### RECORDS PROVIDED ###
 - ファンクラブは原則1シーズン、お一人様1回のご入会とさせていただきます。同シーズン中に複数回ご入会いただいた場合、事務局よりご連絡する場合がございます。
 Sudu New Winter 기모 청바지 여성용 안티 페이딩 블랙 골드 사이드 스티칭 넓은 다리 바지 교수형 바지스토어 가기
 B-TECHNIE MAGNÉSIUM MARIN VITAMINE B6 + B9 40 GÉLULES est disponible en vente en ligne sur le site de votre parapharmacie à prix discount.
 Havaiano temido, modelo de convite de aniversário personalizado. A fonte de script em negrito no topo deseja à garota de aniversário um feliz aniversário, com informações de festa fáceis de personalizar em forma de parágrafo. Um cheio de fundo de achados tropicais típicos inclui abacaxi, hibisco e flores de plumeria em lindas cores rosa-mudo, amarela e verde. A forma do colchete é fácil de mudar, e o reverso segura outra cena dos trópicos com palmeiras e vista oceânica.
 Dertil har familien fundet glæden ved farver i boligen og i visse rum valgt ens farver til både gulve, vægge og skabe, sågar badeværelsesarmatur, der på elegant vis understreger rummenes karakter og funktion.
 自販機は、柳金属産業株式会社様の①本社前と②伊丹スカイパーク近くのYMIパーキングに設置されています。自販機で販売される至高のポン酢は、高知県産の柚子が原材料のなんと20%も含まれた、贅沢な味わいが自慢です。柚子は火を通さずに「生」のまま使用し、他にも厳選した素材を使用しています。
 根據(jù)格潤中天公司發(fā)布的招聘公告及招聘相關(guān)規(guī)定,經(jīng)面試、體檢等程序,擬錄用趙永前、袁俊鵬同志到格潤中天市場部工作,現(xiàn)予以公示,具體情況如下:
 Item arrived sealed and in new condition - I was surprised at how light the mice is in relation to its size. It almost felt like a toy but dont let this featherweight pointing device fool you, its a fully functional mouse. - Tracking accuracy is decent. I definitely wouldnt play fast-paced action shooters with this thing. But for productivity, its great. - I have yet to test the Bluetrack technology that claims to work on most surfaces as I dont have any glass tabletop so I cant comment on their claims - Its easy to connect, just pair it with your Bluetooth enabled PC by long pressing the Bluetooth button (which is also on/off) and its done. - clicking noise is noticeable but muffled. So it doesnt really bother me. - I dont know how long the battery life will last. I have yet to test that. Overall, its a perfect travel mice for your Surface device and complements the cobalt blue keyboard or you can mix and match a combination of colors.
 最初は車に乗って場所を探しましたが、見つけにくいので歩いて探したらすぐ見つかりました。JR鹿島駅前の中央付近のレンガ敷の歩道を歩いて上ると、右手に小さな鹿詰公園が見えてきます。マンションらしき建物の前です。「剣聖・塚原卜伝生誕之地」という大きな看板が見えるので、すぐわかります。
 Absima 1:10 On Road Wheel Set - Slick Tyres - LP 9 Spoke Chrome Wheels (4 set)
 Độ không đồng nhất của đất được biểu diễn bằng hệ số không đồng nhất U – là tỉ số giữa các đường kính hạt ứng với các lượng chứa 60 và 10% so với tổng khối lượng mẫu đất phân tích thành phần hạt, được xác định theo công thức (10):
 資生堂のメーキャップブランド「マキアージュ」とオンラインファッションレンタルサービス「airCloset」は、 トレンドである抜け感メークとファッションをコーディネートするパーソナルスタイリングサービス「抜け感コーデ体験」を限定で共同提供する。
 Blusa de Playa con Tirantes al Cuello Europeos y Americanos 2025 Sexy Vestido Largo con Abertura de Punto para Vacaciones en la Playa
###
**EXERCISE REQUIREMENTS:**
Only the lines from the beginning of the entries through the line bearing "B-TECHNIE MAGNÉSIUM MARIN" should be returned, each exactly as written.

**TASK OUTPUT:**
 - ファンクラブは原則1シーズン、お一人様1回のご入会とさせていただきます。同シーズン中に複数回ご入会いただいた場合、事務局よりご連絡する場合がございます。
 Sudu New Winter 기모 청바지 여성용 안티 페이딩 블랙 골드 사이드 스티칭 넓은 다리 바지 교수형 바지스토어 가기
 B-TECHNIE MAGNÉSIUM MARIN VITAMINE B6 + B9 40 GÉLULES est disponible en vente en ligne sur le site de votre parapharmacie à prix discount.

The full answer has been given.